**Work task**: For the entries that follow, retype exactly the lines from the one containing "Холодильный стол Техно-ТТ" to the one containing "截至2019年末,公司主要在", inclusive, and only those. Images stay out of the copy.

**Record extracts**:
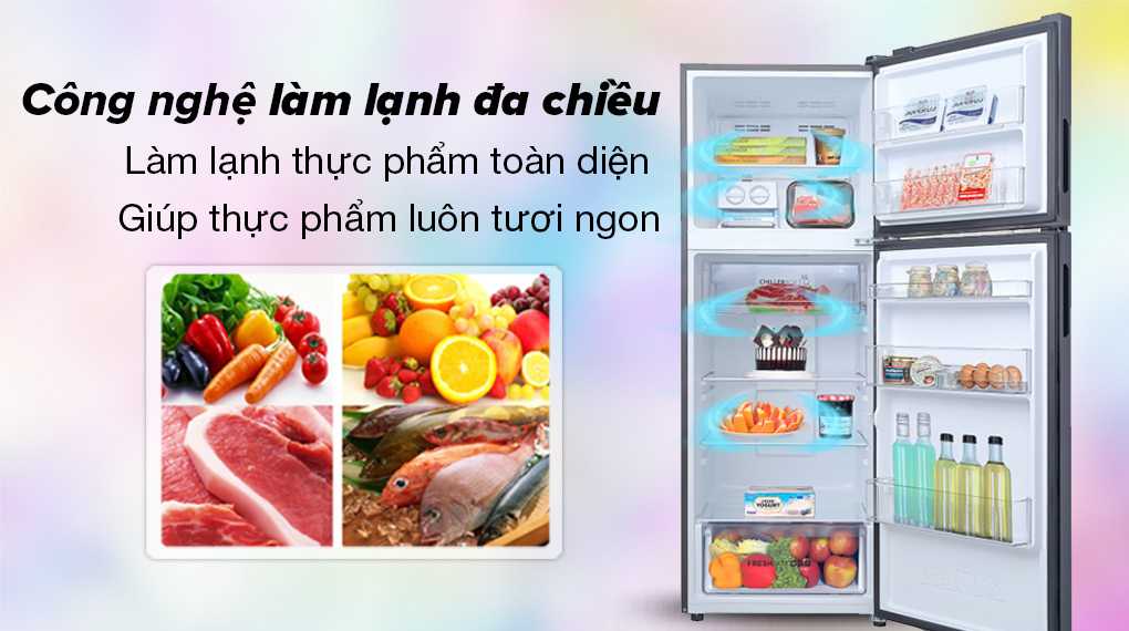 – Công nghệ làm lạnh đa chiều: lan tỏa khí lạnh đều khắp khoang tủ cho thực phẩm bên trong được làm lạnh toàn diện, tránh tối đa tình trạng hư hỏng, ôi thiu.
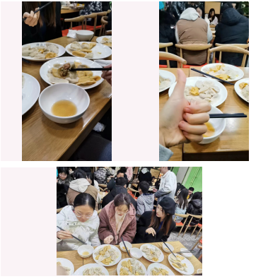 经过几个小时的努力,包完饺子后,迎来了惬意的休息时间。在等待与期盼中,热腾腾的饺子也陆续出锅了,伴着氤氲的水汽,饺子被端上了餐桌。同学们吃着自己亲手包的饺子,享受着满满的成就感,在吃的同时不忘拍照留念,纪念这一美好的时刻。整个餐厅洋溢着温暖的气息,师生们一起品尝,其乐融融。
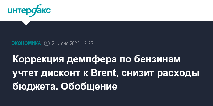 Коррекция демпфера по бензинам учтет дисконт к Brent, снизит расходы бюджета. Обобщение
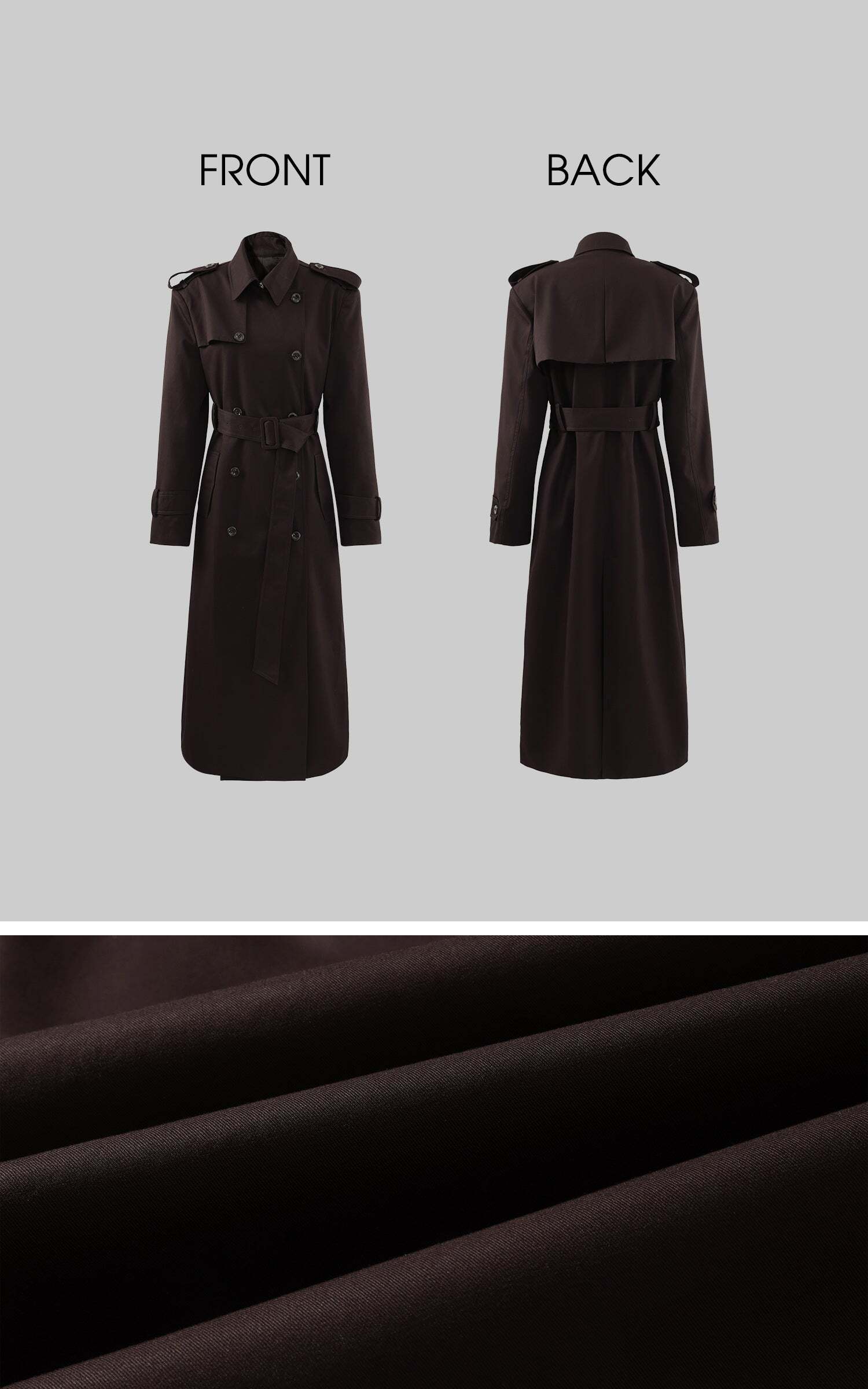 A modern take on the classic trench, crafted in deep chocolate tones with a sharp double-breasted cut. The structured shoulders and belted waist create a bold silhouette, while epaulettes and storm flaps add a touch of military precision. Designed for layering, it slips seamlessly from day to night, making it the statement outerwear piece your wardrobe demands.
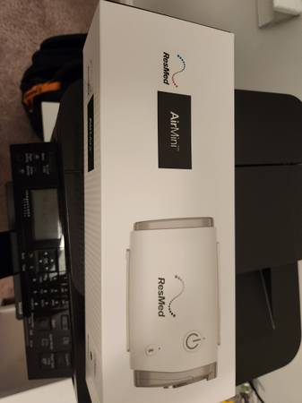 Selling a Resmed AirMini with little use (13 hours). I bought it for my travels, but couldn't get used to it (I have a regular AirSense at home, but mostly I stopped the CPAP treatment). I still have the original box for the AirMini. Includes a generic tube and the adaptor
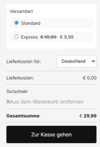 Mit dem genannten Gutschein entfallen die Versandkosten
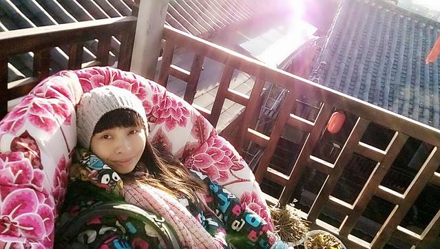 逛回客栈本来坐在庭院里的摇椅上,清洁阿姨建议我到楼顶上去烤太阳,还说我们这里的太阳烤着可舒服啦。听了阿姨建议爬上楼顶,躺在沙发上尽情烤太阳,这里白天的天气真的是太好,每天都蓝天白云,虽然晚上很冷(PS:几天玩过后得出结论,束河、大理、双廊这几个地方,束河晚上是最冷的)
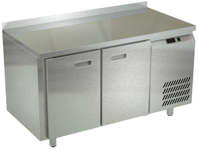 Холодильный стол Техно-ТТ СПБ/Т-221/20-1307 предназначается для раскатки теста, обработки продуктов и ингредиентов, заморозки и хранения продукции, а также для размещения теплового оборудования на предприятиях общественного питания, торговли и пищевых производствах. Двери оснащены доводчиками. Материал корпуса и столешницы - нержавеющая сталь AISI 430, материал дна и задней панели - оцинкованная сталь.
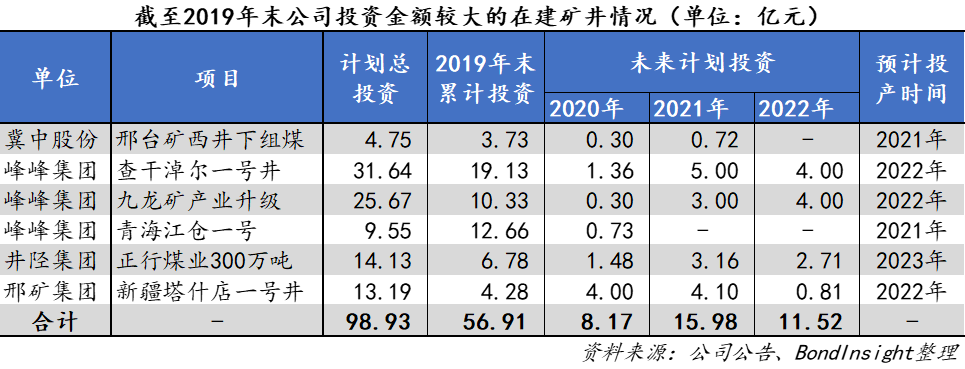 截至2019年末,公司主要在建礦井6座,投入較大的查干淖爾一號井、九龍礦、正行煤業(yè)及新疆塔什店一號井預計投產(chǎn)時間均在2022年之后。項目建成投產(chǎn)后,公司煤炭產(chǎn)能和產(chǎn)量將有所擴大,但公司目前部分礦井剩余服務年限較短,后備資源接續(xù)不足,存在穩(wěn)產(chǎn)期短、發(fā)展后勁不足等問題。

...

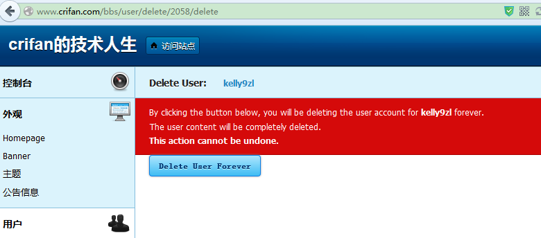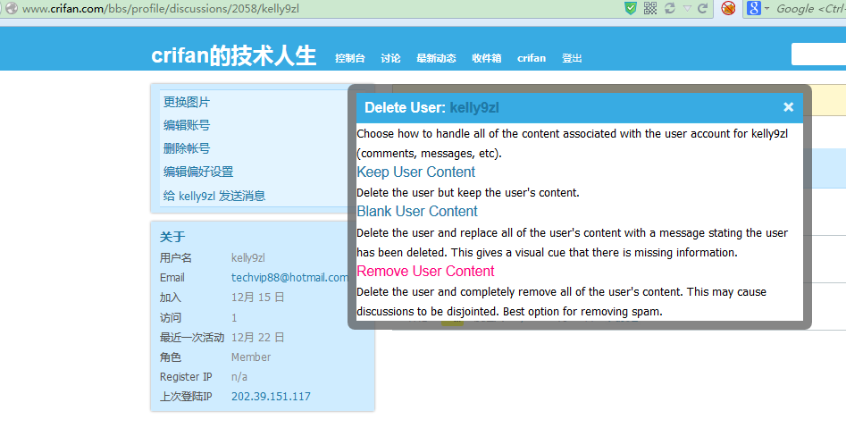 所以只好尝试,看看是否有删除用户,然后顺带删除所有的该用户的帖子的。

--

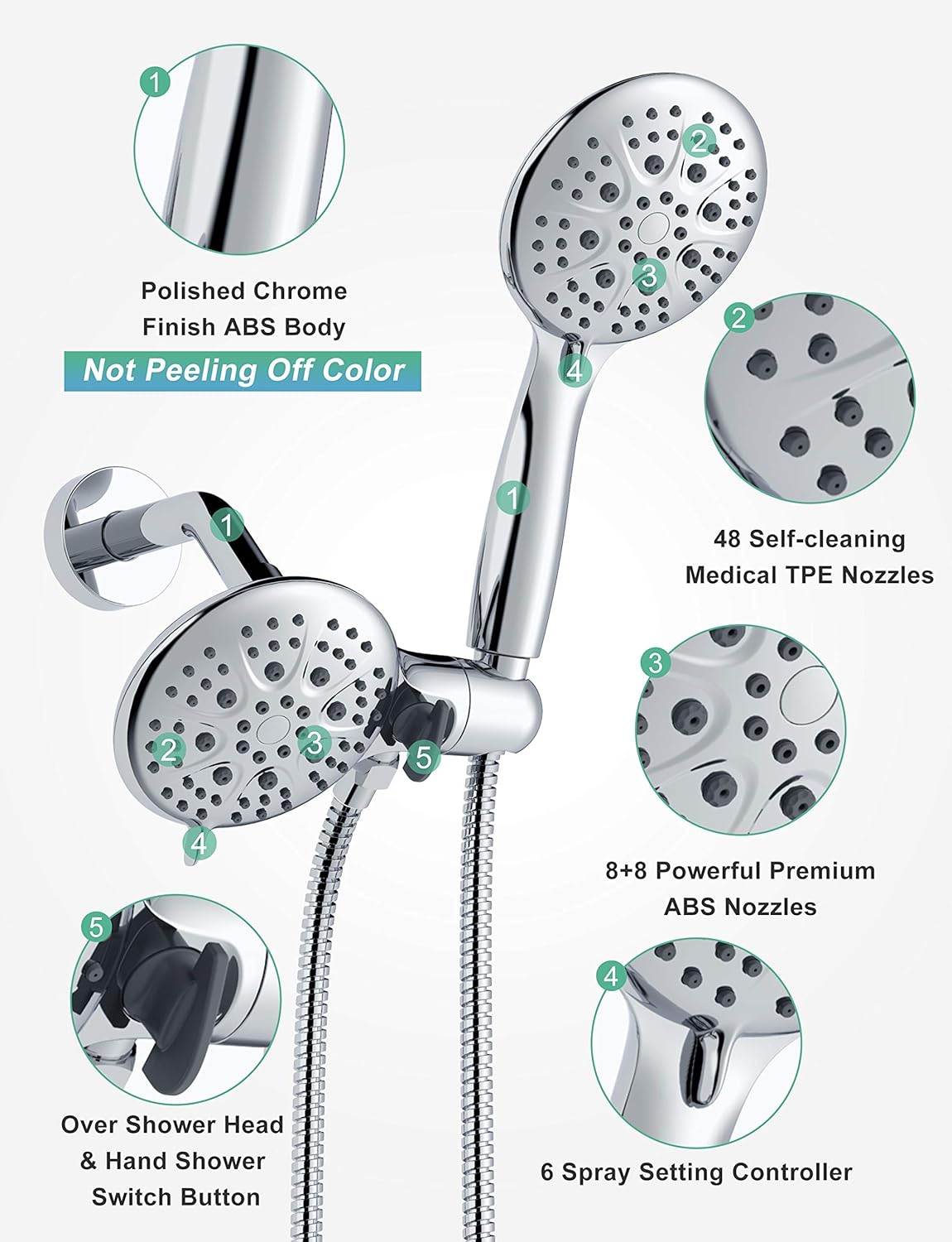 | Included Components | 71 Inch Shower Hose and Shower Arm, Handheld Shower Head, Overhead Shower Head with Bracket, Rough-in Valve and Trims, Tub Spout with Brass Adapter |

**Completed exercise**:
 Холодильный стол Техно-ТТ СПБ/Т-221/20-1307 предназначается для раскатки теста, обработки продуктов и ингредиентов, заморозки и хранения продукции, а также для размещения теплового оборудования на предприятиях общественного питания, торговли и пищевых производствах. Двери оснащены доводчиками. Материал корпуса и столешницы - нержавеющая сталь AISI 430, материал дна и задней панели - оцинкованная сталь.
 截至2019年末,公司主要在建礦井6座,投入較大的查干淖爾一號井、九龍礦、正行煤業(yè)及新疆塔什店一號井預計投產(chǎn)時間均在2022年之后。項目建成投產(chǎn)后,公司煤炭產(chǎn)能和產(chǎn)量將有所擴大,但公司目前部分礦井剩余服務年限較短,后備資源接續(xù)不足,存在穩(wěn)產(chǎn)期短、發(fā)展后勁不足等問題。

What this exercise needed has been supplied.